Any hope of finding it on the next few tracks are in vain, with no defining features this is a lack lustre and less than original release. Milk  may have a kick-ass bass line and the vocals do take a more prominent position in the mix, but it lacks any originality, if Muse took both Uprising and Knights Of Cydonia and got them to have a love child, this would be the result.

Three tracks in and whilst White Bone Rattle have produced three different tracks, all with a definite “scuzzyness” to them, this is the only thing that has held true from a rather ambitious bio. Miss Mist is almost three minutes of monotonous boredom that needs to have some explosion of variety, but gives out nothing of the sort, whilst title track Creature of Curiosity seems to take the example of repetitive monotony one step further.

It’s not all doom and gloom, there’s certainly a resurgence of hope with The Green Hour which seems to anchor itself as a tribute to Brand New’s last work onDaisy.
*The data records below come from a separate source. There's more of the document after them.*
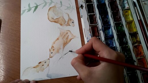 Рисуем акварелью маленьких мышат
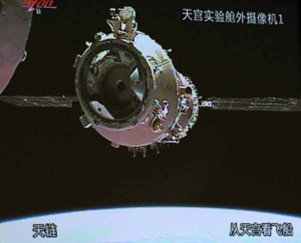 天宫一号舱外摄像机拍摄的刚刚分离的神舟八号(翻拍自北京飞控中心大屏幕)。
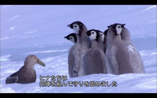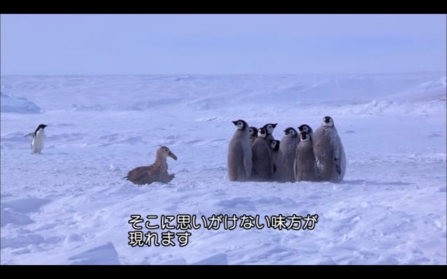 アデリーペンギンが助けたお礼に皇帝ペンギンの縄張りを取り上げて終わり
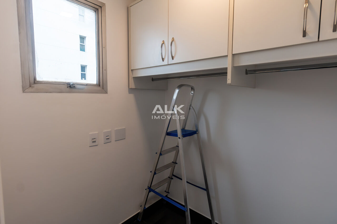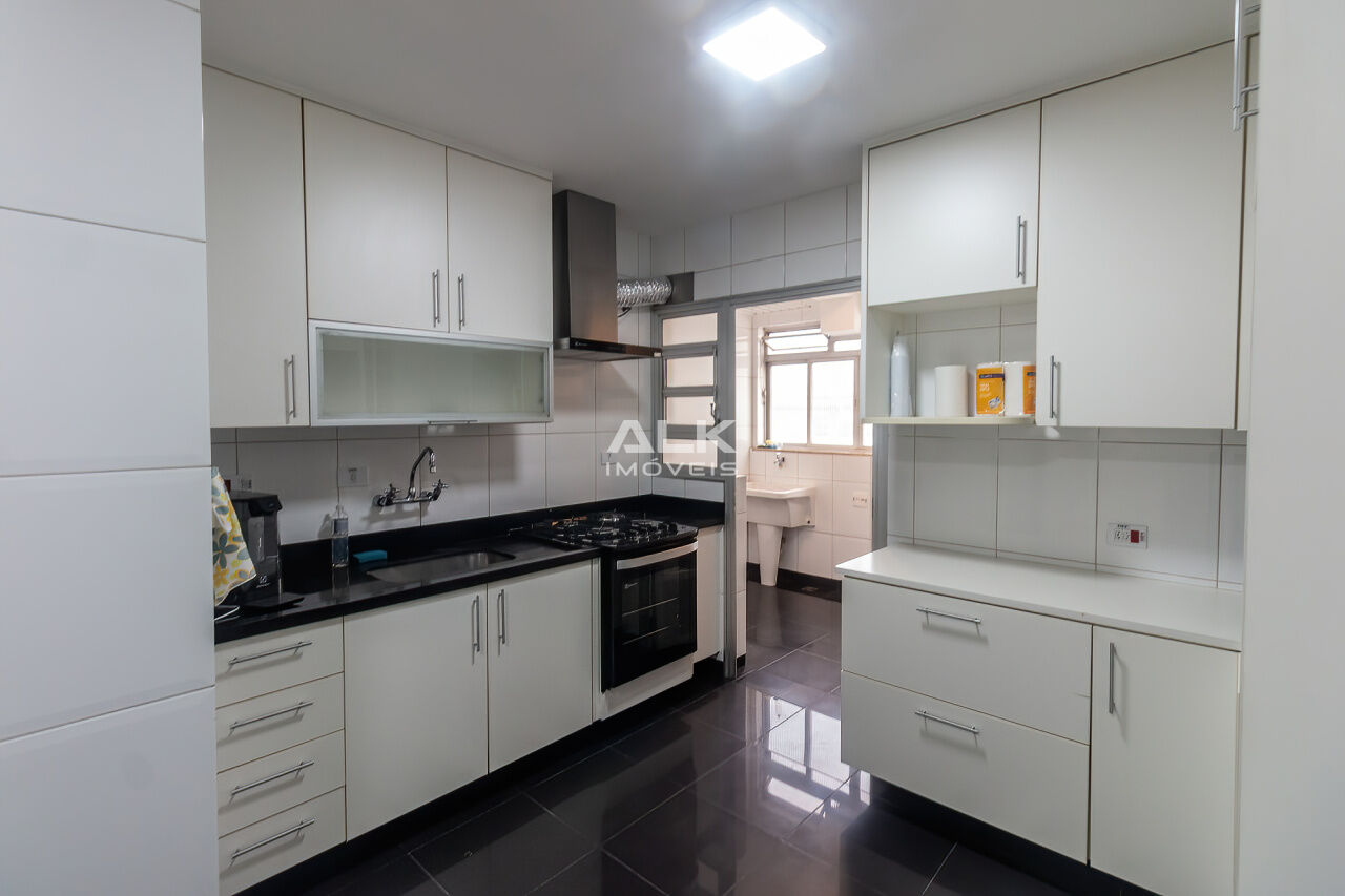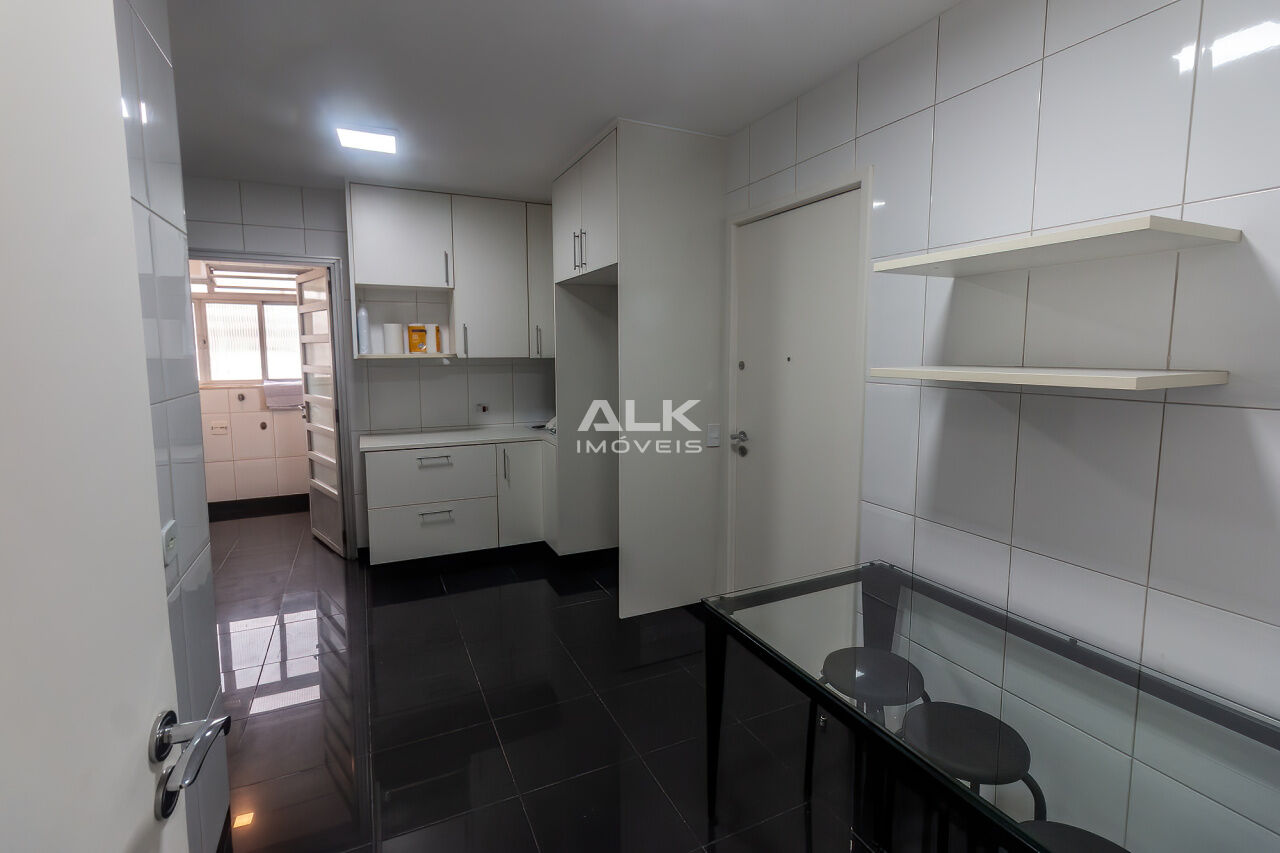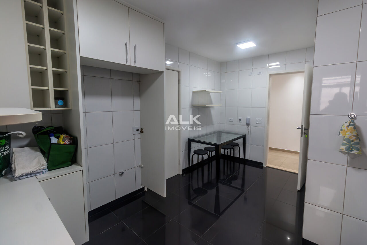 A cozinha e a copa integradas oferecem ótimo aproveitamento de espaço e funcionalidade, com muitos armários e boa ventilação. O imóvel conta ainda com banheiro social, área de serviço completa, banheiro e quarto de serviço, além de uma vaga de garagem.

It’s without a doubt one of the better tracks but there’s a struggle to get there given the start of the album and when it’s finally heard, it’s with a certain feeling of relief mixed with bemusement, why has this wait had to be so long? There’s definite strength on the album and it would only be fair to mention and merit it, but it’s tarnished by a lack of originality and the hardship it takes to get there, it’s just not distinct enough to be remembered.

Whilst each track feels different when you make the effort to listen closely, that’s the problem, it’s too hard to pick out any distinction on the surface, essentially this is eleven tracks of filler music with nothing in-between, maybe with the exception of Milk and The Green Hour. If you can make it through the first half of the album, then the second is certainly an improvement, but the likely hood of that happening is pretty slim, so download a couple of songs but leave it at that and save those hard-earned pennies.